PYMNTS Intelligence Alternate Banner June 2024

Report: Investors in EV Charging Grow ‘Weary’ Waiting for Profits

Electric vehicle (EV) charging companies reportedly don’t have much juice with investors these days.

As The Wall Street Journal reported Tuesday (Dec. 26), companies like ChargePointBlink Charging and EVgo have all seen their share prices drop this year, with Blink and EVgo both projecting annual losses.

According to the report, charging companies don’t expect to become profitable for about a year and face the threat of EV market leader Tesla opening the bulk of its popular charging network to other drivers beginning in 2024. 

And while more EVs are on the road, making charging use more frequent, selling jolts of electricity to motorists isn’t driving revenue as use rates are relatively low, the report said.

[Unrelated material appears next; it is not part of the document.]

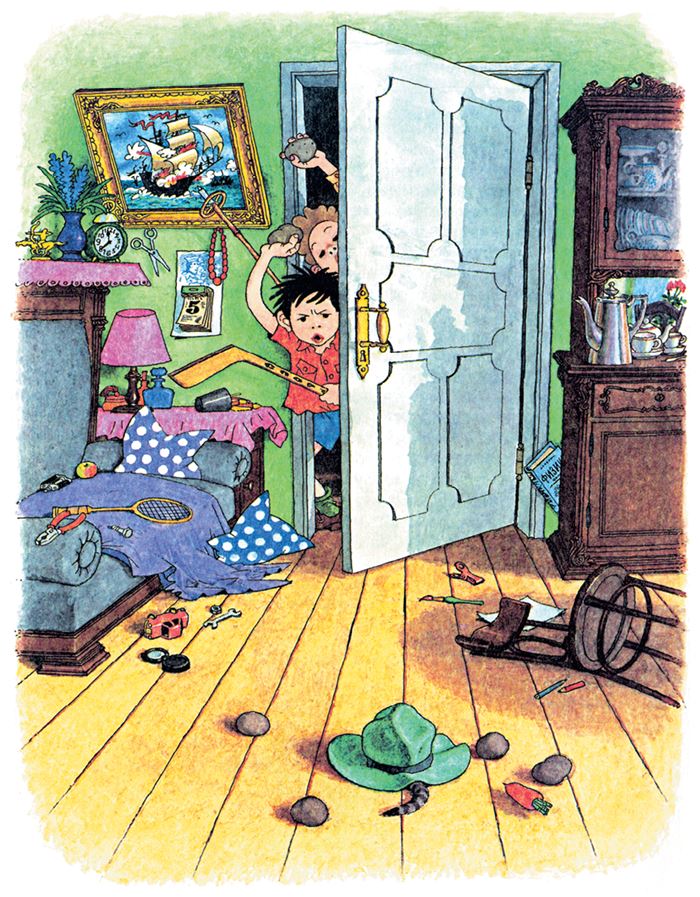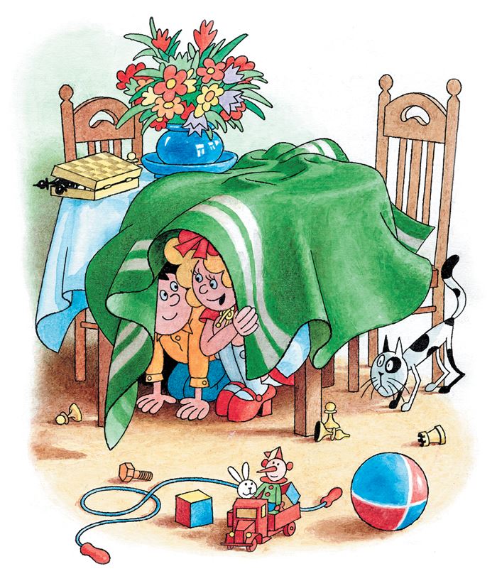 Я подкрался на цыпочках к столу, дёрнул за край одеяла и бегом к двери. Одеяло упало, а под столом никого нет. Мы обрадовались. Хотели починить домик, только Валя говорит:

“I think the investor class has grown weary of the industry’s lack of profitability,” said Blink Charging’s chief executive, Brendan Jones.

The WSJ also quotes Rick Wilmer, ChargePoint’s CEO, who said recently that the places that might offer EV charging as an amenity — offices, hotels, shopping centers — are waiting to install such equipment due to economic uncertainty.

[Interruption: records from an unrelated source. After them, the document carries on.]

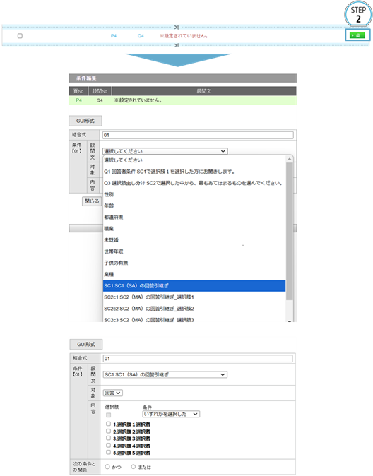 ・ MA設問など設定する場合、選択肢を1個ずつSA形式に修正が必要です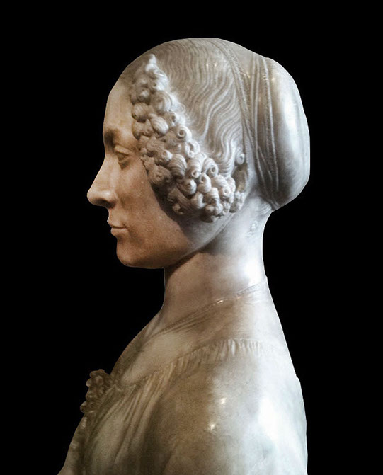 1475-Andrea del Verrocchio (1435-1488). Dame mit Blumenkranz, 1475-1480. Museo Bargello, Firenze.
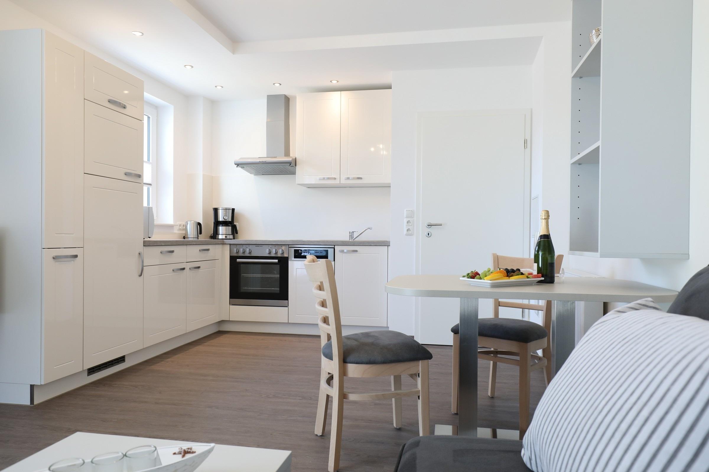 Zur gut ausgestatteten Wohnküche gehört auch ein schöner, separater Essbereich für Zwei.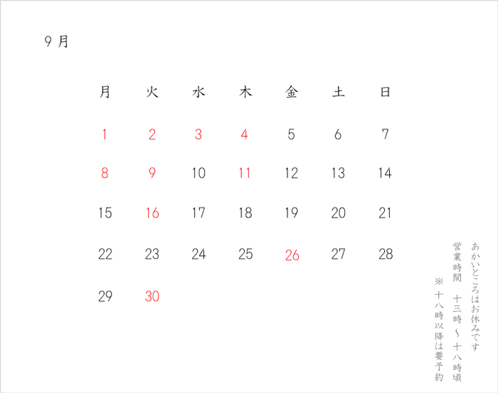 9月営業日

“I think we’re seeing this viewed as a discretionary purchase, and the CFOs of the world are being cautious with discretionary purchasing,” he said on an earnings call.

PYMNTS Karen Webster examined the consumer unease about EVs earlier this month, writing that this unease is “made more real when considering that there are only 160,000 charging stations in the U.S. right now — and even fewer supercharging stations that provide a top up in 30 minutes.”

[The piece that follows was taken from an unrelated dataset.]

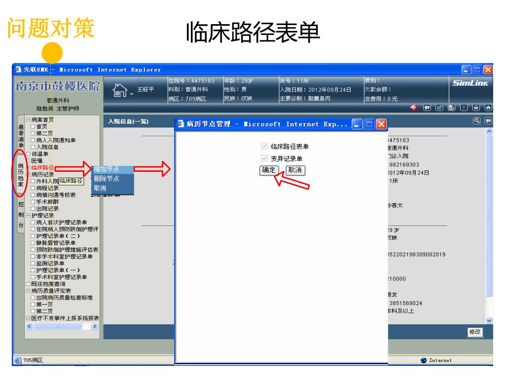 临床路径新需求申报流程 临床科室 科室主任:审核通过临床路径表单“主要诊疗、医嘱”等内容 科室护士长:审核通过表单中“主要护理工作”内容 新病种加入临床路径 医务处 信息科 先联公司 + 完成上线 护理部 临床科室 流程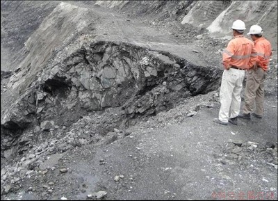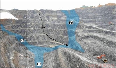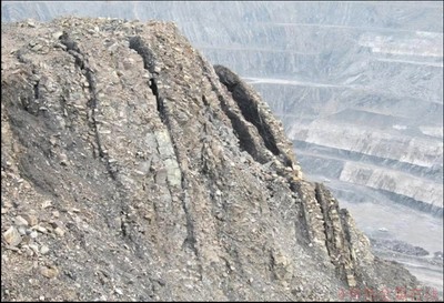 (2) 楔形体滑坡。当2个相交的断层面与边坡坡面形成楔形体时,或者岩层层面与断层面及边坡坡面形成楔形体时,由于岩层层面之间摩擦力较小,断层带岩体破碎,形成楔形体构造,在自重应力的作用下,易形成楔形体滑坡。如西部边坡540~600 m,处于F2和F3的交汇区,岩体十分破碎,频繁出现楔形体滑坡失稳,如图3所示。特别是在多雨季节,楔形体滑坡的发生频率更高。

Most take three to four hours to generate a full charge. And while the Biden administration has indicated plans to pay to develop 500,000 stations, that number falls short of the 700,000 that would be needed in a situation in which 40% of American automobiles were EVs.

“The problem facing the EV ecosystem today is there were not enough early adopters to create sufficient demand for suppliers of charging stations, so the U.S. lacks the density of fast charging stations that later adopters of EVs would require to give up gas,” Webster wrote.

“And investors in EVs may have underestimated the importance of that and overestimated the willingness of consumers to overlook battery anxiety based on the enthusiasm of those early adopters.”